Bobby Labonte made me a NASCAR fan a few years ago. After turning his expensive race car into a pile of scrap metal, he told an interviewer that he just screwed up and didn’t drive the car very well. I liked that kind of honesty in a world of sponsor-laden gearhead speak by most of the stars of NASCAR.
For the past 11 years, he drove the green number 19 Interstate Batteries car for Joe Gibbs Racing. He was one of the top 10 or so stars of the sport, and won a championship in 2000, so his gear was everywhere. I have a small collection of 1:24 scale models of his car, micro models and foil wrapped chocolate cars on my desk at work.
Now, he’s changing teams, he’s changing numbers and he’s changing color schemes which will be a true test of his star power. As Bobby changes, I wonder if his fans will goes with him.

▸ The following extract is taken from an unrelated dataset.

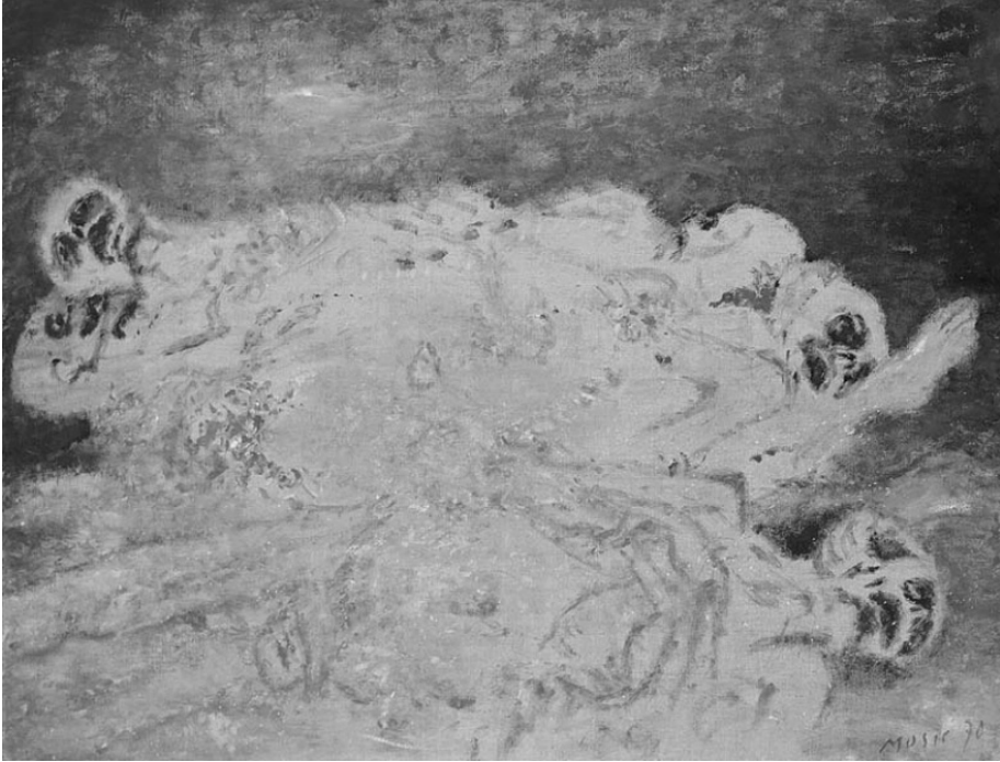
Slika 1: Zoran Mušič, Dachau , 1945, tuš na papirju, 33,5 x 47,8 cm, Moderna galerija, Ljubljana, inv. št. MG 238/R.

potrjuje tudi dejstvo, da so njegove risbe večinoma hranjene v umetnostnih zbirkah. 7 V Sloveniji jih, razen ciklostila v dveh odtisih, ki sta v Muzeju novejšje zgodovine v Ljubljani, hrani Moderna galerija v Ljubljani (Zgonik, 2012, 136).

NASCAR does a great job of managing its brand and the brands of its drivers. Drivers set unmatched standards for connecting with their fans, and the fans show their love by buying a lot of gear with their favorite driver’s number and colors. Frankly, I don’t have any doubt that the fans will follow the driver, but what will happen to their $100 leather jacket, the $30 football jersey or the $99 stained-glass table lamp?
The green and red color scheme of the number 18 was easy to spot in most races because it was the only green car on the track. Based on the amount of no. 18 gear that was for sale compared to other stars, I’m thinking the green and red color combination might have kept sales down even after he won the championship.
I’m thinking the new baby blue and yellow scheme of the no. 43 is not going to do a lot better. Early results are in on a fan poll on Bobby’s official website, and the fans don’t like it either. When last I looked, 94 percent voted for “I hate it.” Ouch. There goes the stained-glass lamp sales.